2. The system according to claim 1, comprising a first dehumidifier module for removing water vapor from the first sorbent material.

3. The system according to claim 1, comprising a second inlet for a second gas stream, the second inlet configured to direct said second gas stream through the second sorbent material to remove carbon dioxide from the second sorbent material.

4. The system according to claim 3, wherein the system is configured to remove water vapor from said second gas stream before said second gas stream contacts the second sorbent material

5. The system according to claim 4 comprising a third sorbent station comprising a third sorbent material for removing water vapor from said second gas stream and a second dehumidifier module for removing water vapor from the third sorbent material.

6. The system according to claim 3, wherein the second inlet is configured to transfer heat from the first dehumidifier module to said second gas stream.

7. The system according to claim 1, wherein the first sorbent station is configured to move the first sorbent material alternately between the first inlet and a first desorption position and the second sorbent station is configured to move the second sorbent alternately between the first exhaust and a second desorption position.

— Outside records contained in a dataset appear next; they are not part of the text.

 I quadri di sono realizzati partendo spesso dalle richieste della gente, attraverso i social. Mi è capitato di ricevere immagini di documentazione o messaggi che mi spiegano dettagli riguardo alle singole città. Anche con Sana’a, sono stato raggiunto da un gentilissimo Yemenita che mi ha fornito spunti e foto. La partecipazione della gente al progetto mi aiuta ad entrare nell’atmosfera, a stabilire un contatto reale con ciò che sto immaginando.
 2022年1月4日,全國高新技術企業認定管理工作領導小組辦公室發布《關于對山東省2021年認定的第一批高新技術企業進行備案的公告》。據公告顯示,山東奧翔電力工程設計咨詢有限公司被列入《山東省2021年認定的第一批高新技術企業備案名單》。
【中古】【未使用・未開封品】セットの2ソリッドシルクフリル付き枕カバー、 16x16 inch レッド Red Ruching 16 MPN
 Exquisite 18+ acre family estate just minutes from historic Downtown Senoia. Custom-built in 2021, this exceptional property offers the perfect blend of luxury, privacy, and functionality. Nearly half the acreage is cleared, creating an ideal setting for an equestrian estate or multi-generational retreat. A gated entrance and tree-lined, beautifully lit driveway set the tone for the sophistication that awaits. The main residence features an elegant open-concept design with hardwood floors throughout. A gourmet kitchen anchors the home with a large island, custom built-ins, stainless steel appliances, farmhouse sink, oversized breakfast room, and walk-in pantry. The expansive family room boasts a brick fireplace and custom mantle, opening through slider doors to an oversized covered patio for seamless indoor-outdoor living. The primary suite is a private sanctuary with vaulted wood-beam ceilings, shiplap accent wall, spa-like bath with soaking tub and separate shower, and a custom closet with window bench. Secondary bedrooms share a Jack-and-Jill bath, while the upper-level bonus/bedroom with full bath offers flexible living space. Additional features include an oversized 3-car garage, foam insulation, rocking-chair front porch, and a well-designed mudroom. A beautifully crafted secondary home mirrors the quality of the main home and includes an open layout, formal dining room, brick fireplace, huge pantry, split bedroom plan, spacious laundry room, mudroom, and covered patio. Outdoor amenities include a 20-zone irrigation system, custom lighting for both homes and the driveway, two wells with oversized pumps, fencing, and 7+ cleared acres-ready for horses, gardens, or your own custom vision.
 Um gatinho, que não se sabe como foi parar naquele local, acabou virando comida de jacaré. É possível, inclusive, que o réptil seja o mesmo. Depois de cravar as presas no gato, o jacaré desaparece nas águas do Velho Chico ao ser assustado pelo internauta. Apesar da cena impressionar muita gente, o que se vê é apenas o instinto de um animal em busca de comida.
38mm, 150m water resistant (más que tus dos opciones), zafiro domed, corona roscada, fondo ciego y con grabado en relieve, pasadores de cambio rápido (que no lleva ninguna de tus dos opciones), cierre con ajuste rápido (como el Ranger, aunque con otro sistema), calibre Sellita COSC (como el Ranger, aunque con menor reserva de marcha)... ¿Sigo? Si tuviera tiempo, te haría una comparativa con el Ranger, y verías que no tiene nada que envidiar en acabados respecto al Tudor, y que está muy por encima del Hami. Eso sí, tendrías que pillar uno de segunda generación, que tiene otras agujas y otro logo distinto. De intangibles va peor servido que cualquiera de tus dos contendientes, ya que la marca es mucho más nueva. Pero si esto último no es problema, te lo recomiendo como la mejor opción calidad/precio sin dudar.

8. The system according to claim 1, wherein the first sorbent material is selected from a zeolite, a mesoporous silica and a hybrid ultramicroporous material, suitably a hybrid ultramicroporous material.

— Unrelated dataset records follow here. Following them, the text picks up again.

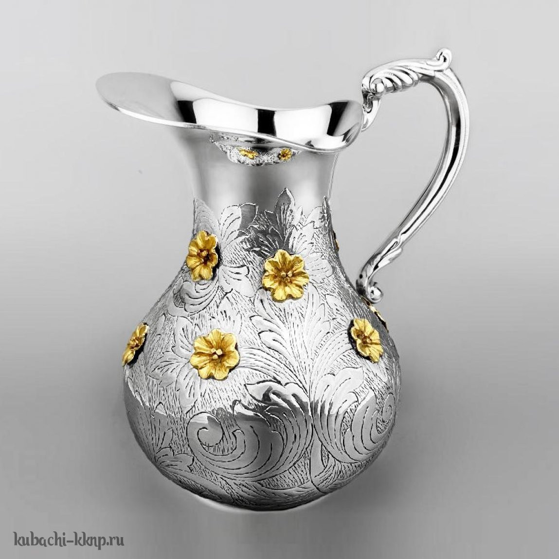 Серебряный кувшин для воды «Золотой цветок», КВ235
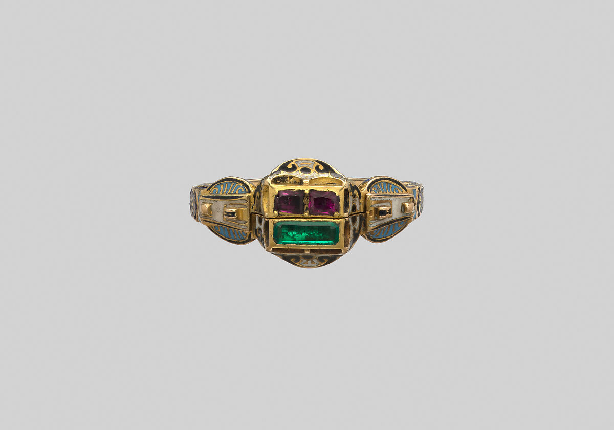 This two-part ring of interlaced gold hoops is inscribed with a German phrase that translates to “Those whom God hath joined together let no man put asunder.” This type of ring was commonly used as a wedding band during the Renaissance. A gimmal ring with a similar message featured in the marriage ceremony of Protestant reformer Martin Luther (1483–1546) and Katharina von Bora (1499–1552), a former Cistercian nun.
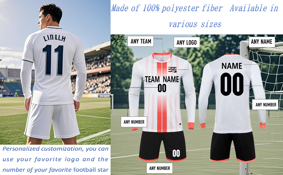 • Our soccer jerseys are made of quick-drying fabric that is breathable, stretchy, durable and lightweight. Ideal for those who love sports.
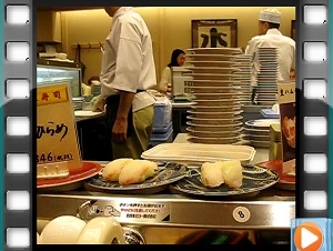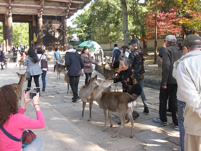 Day Trip to Nara and FushimiThe next day we visited the city of Nara which was the capital of Japan before Kyoto. We visited two UNESCO world heritage sites: Todaji Temple and Kasuga Shinto Shrine. Almost all of the people of Japan are Buddhist and there are many temples. This temple has the Daibutsu -- an impressive 52-foot Buddha statue. The photo of Marguerite below is of the base of the Buddha. Very large flower petals! In the park surrounding the temple are scores of tame, free-roving deer, which were traditionally regarded as the messengers of the Shinto god Kasuga. The deer want to be fed and we were told not to offer food or have papers in our hands as they would steal the paper to eat! The Shinto Shrine site is famous for having over 3000 stone lanterns. In the afternoon we visited the Fushimi-Inari shrine. Whenever we visited a shrine we saw families with children dressed in traditional Japanese kimono outfits. We were told this is because children have special blessings as infants, around 3 years old and around 6 years old. The children are very cute and reminded us of our grandkids! One evening when we had "dinner on own" we visited a "conveyor-belt sushi place" (see movie below) that was lots of fun. Gretchen and Marguerite shared a dozen plates of sushi/sashimi/tempura. Charges were calculated from the number and color of plates -- we mostly had blue plates (least expensive) and a couple of red plates (more expensive). The entire meal for both of us was under $25! |
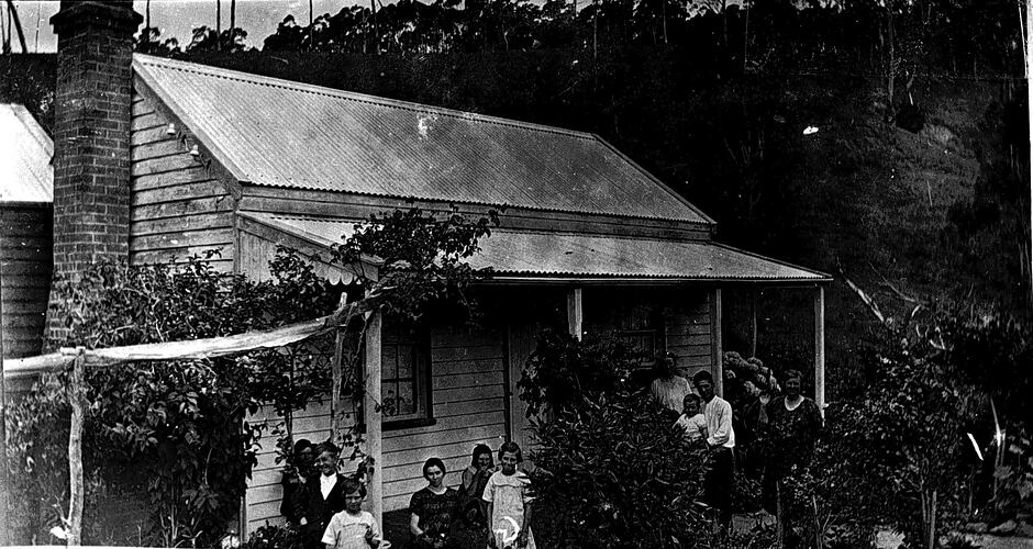 A group of people outside a small wooden house with a corrugated iron roof. There is a vine growing beside the house.

9. The system according to claim 1, wherein the second sorbent material is a hybrid ultramicroporous material.

10. The system according to claim 1 configured for use as a building space conditioning unit, wherein the first inlet is configured to receive ambient air from inside or outside said building as said first gas stream; and wherein the first exhaust is configured to expel said first gas stream with reduced water vapor and reduced carbon dioxide content into said building.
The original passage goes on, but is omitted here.